Я решила, что рано или поздно наткнусь на изгородь или выйду на дорогу. Пошла наугад, вытянув вперед руки. Но никакой изгороди я не нащупывала. Одна темнота меня окружала, и я даже перепугалась, но потом мне стало просто холодно и в сон потянуло. Пальцы у меня совсем закоченели. Через щели в лаптях попадал снег.
Потом впереди что-то засветилось. Я пошла на свет и очутилась возле белого дерева. Ветви у него были тонкие, и листья не опали, хоть и зима стояла. Ветер шевелил их, и они шелестели, вроде как нашептывали что-то еле слышно.
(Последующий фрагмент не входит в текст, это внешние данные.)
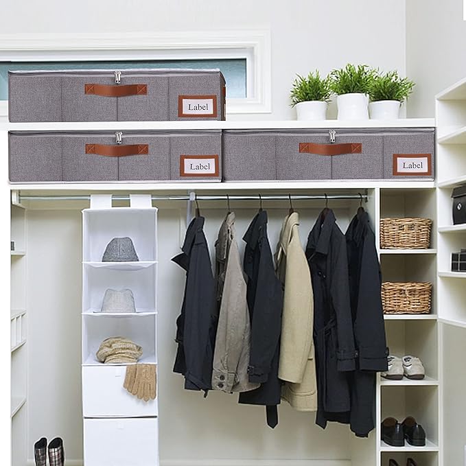 Yawinhe Under Bed Storage Containers, 4 Pack, Bin with Lids, Collapsible Closet Organizers, with Sorting Card Slot and 4 Leather Handles, for Blanket, Bedding, 31.5''Lx15.7''Wx6''H, Grey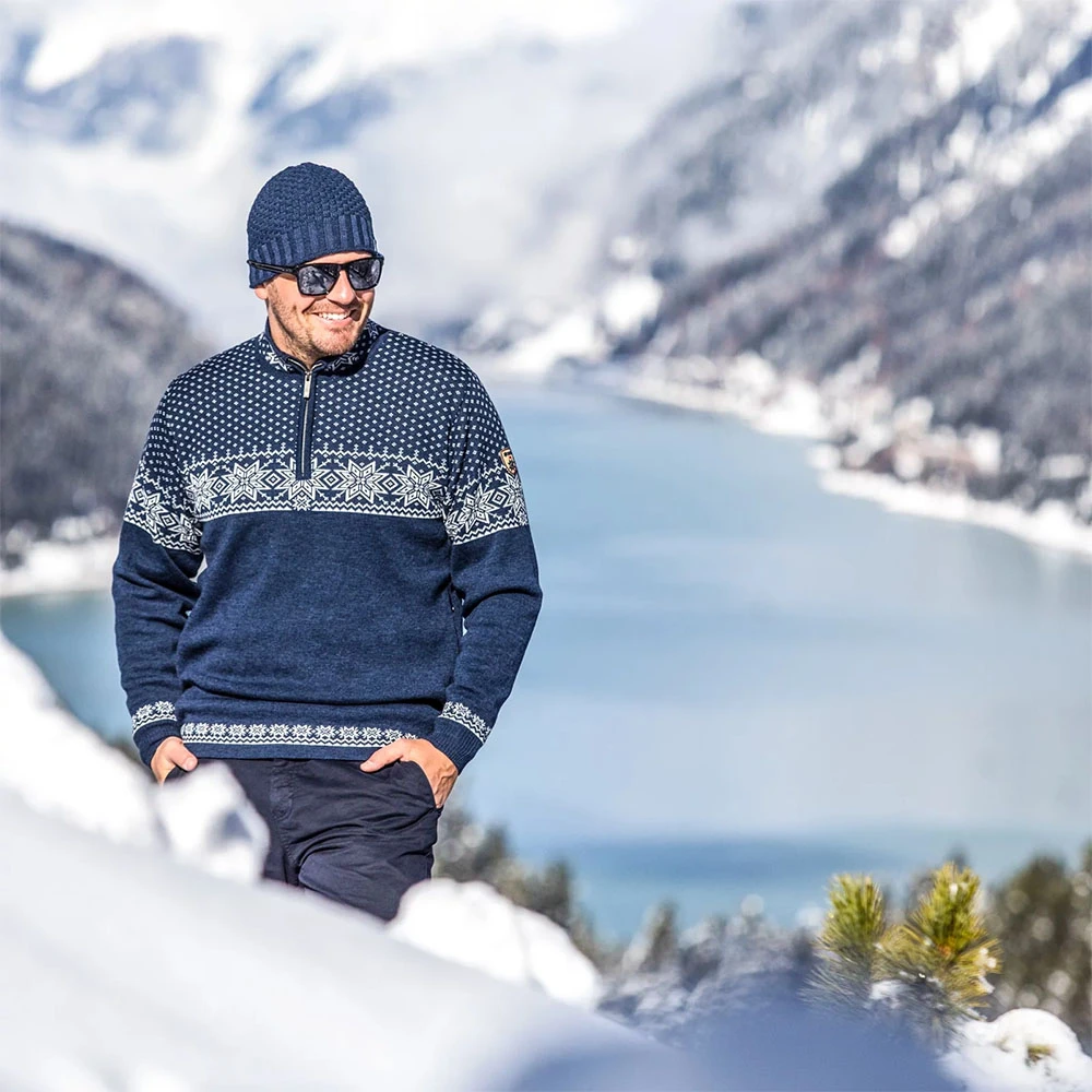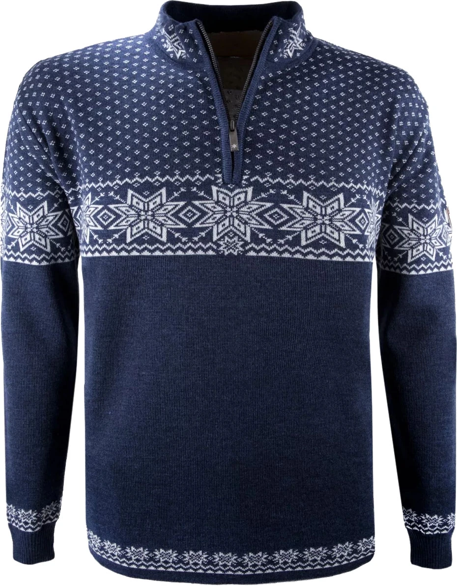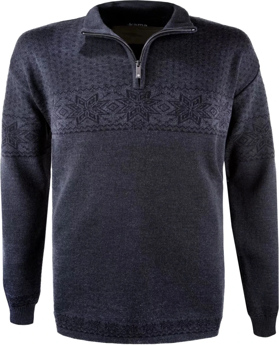 Kama 4053: svetr s jemným severským vzorem, stojáčkem a s rozepínáním u krku. Pletený svetr je z úpletu ze 100% vlny Merino, je prodyšný a velmi příjemný na nošení. Navíc má nano úpravu vlny proti nasákávání vlhkosti. Hodí se jako druhá vrstva do města i do přírody.

По другую сторону от дерева пролегала дорога — очень гладкая, как лед, и блестящая. Я знала, что это дорога Зимояров. Но такая она была красивая, эта дорога, а я так замерзла и чуть не засыпала на ходу. Я позабыла, что надо бояться. И пошла к блестящей дороге.
Под деревом в ряд лежали плоские камни — по одному на каждой могилке. Матушка их добывала из реки. Два я добыла сама — для матушки и последнего младенчика. Эти два камня были поменьше остальных — мне еще не под силу было ворочать большие камни, как матушке. Когда я переступила через могилы и шагнула к дороге, ветка хлестнула меня по плечам. Да так, что я повалилась наземь и дыхание у меня перехватило. Ветер зашелестел белыми листьями, и я услышала шепот: «Беги домой, Ванда!» Тут мою сонливость как рукой сняло. Я так испугалась, что мигом вскочила на ноги и помчалась к дому, только пятки засверкали. Дом я издалека увидела — фонарь-то все еще горел в окне. А папаня уже вовсю храпел на кровати.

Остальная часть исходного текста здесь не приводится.